* [SOURCE DATA]:
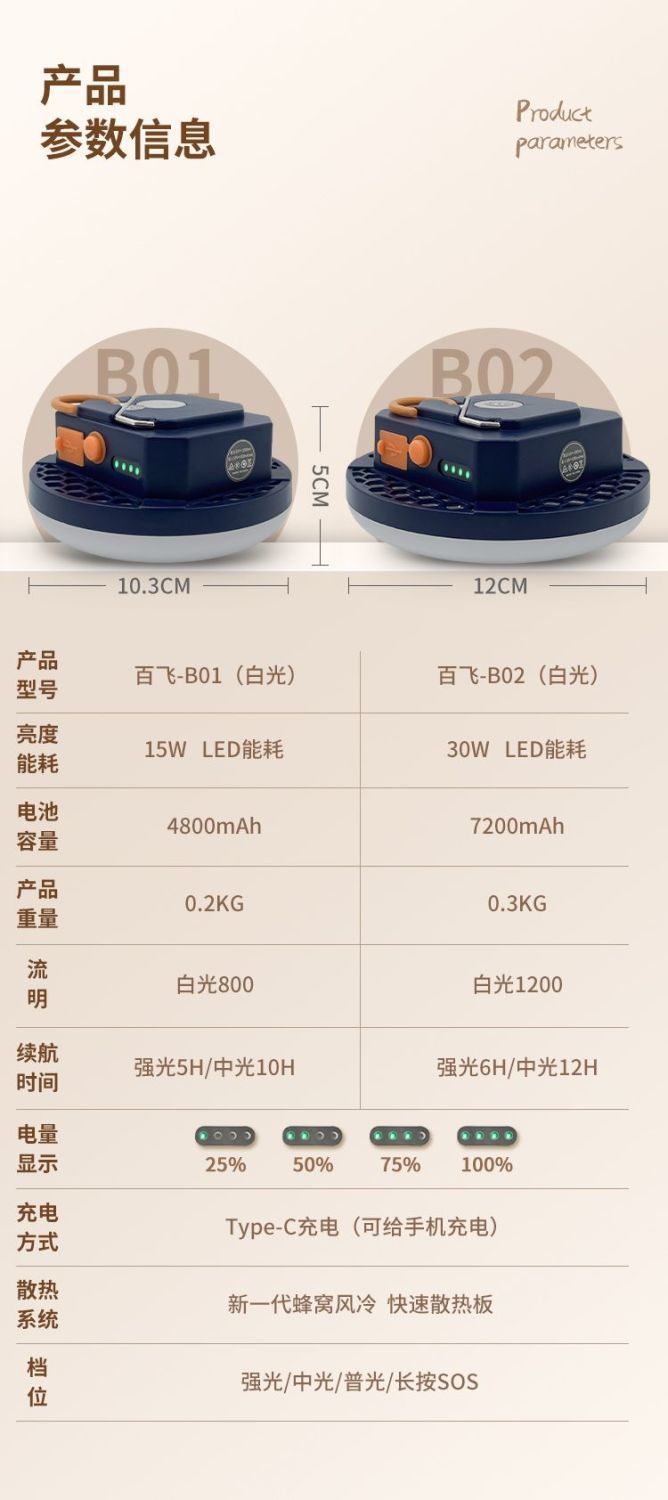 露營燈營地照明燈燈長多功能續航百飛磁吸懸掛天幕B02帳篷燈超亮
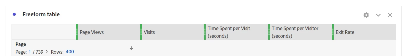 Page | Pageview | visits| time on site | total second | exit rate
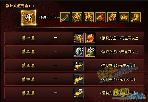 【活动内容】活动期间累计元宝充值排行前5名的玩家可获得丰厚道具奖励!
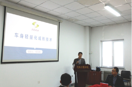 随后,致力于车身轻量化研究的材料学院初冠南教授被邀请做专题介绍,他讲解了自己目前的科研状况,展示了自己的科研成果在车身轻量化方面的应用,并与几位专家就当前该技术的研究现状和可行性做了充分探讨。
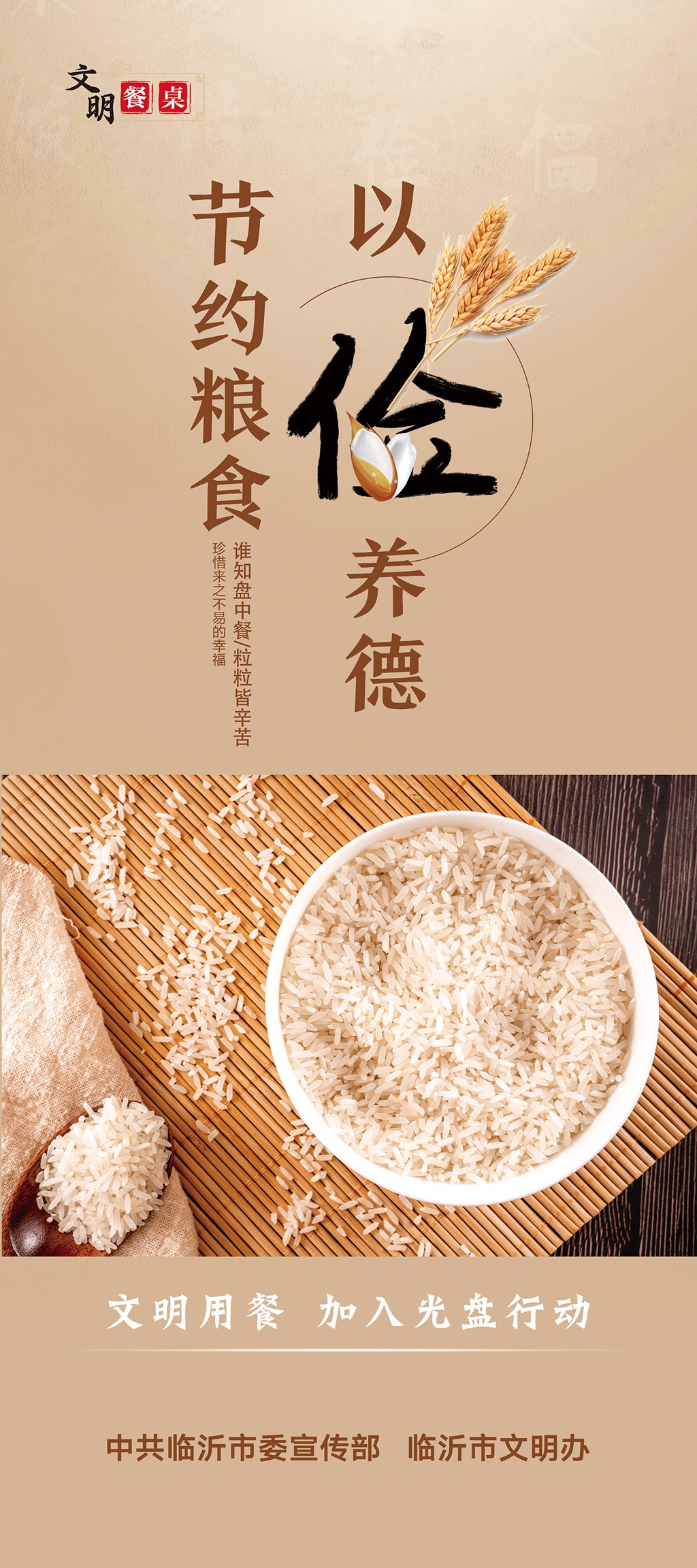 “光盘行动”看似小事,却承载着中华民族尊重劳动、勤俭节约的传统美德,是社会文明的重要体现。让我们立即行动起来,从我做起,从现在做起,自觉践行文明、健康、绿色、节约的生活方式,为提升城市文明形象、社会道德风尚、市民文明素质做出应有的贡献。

--

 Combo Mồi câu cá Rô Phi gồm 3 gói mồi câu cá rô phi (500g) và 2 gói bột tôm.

--

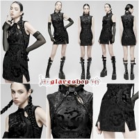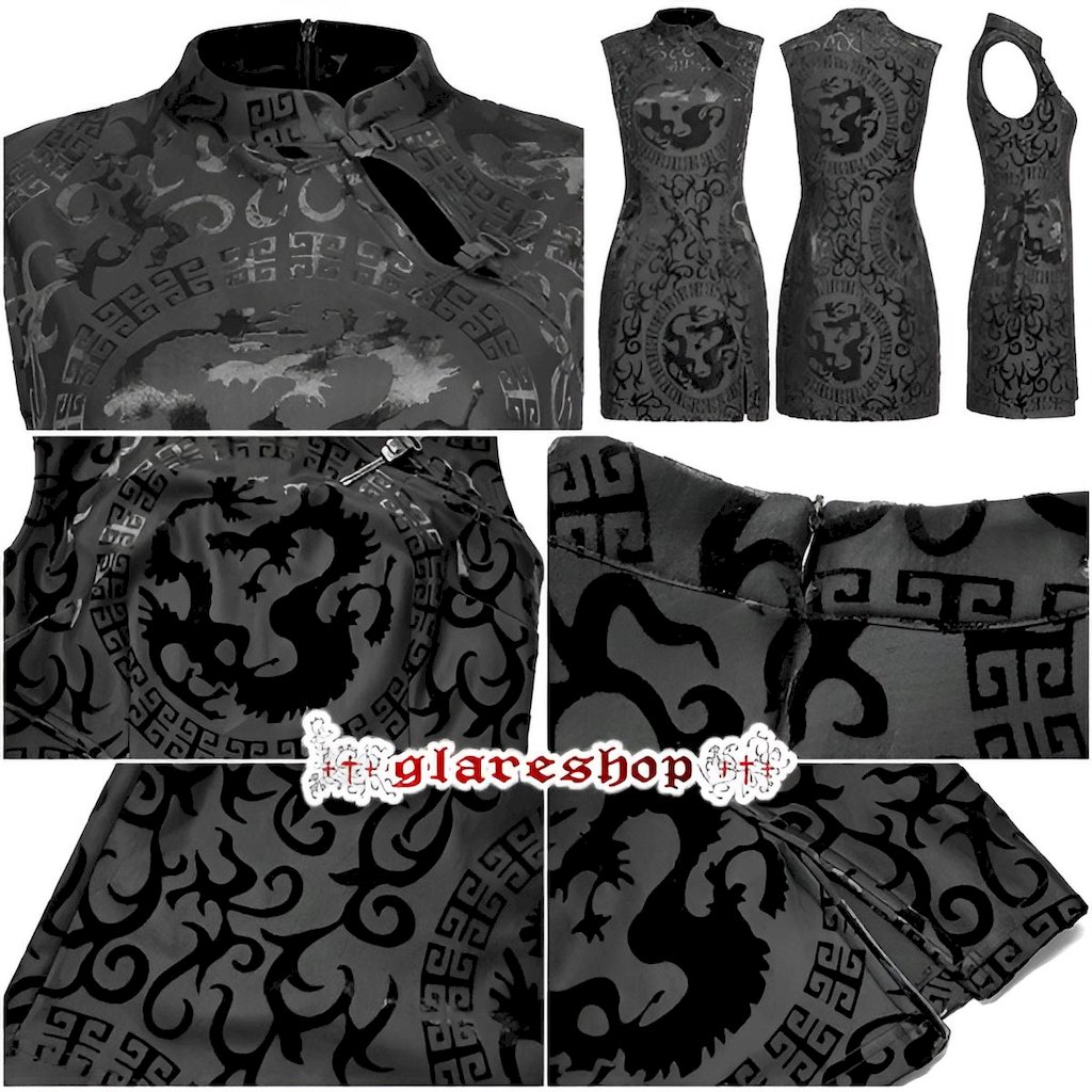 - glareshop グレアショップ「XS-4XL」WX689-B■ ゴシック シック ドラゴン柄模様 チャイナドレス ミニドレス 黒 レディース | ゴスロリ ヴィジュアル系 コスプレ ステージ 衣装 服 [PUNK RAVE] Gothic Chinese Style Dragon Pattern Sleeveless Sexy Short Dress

* [PROBLEM REQUIREMENTS]:
Take the lines above starting at the one containing "露營燈營地照明燈燈長多功能續航百飛磁吸懸掛天幕B02帳篷燈超亮" and ending at the one containing "随后,致力于车身轻量化研究的", and print them again exactly, without pictures.

* [ANSWER AREA]:
 露營燈營地照明燈燈長多功能續航百飛磁吸懸掛天幕B02帳篷燈超亮
 Page | Pageview | visits| time on site | total second | exit rate
 【活动内容】活动期间累计元宝充值排行前5名的玩家可获得丰厚道具奖励!
 随后,致力于车身轻量化研究的材料学院初冠南教授被邀请做专题介绍,他讲解了自己目前的科研状况,展示了自己的科研成果在车身轻量化方面的应用,并与几位专家就当前该技术的研究现状和可行性做了充分探讨。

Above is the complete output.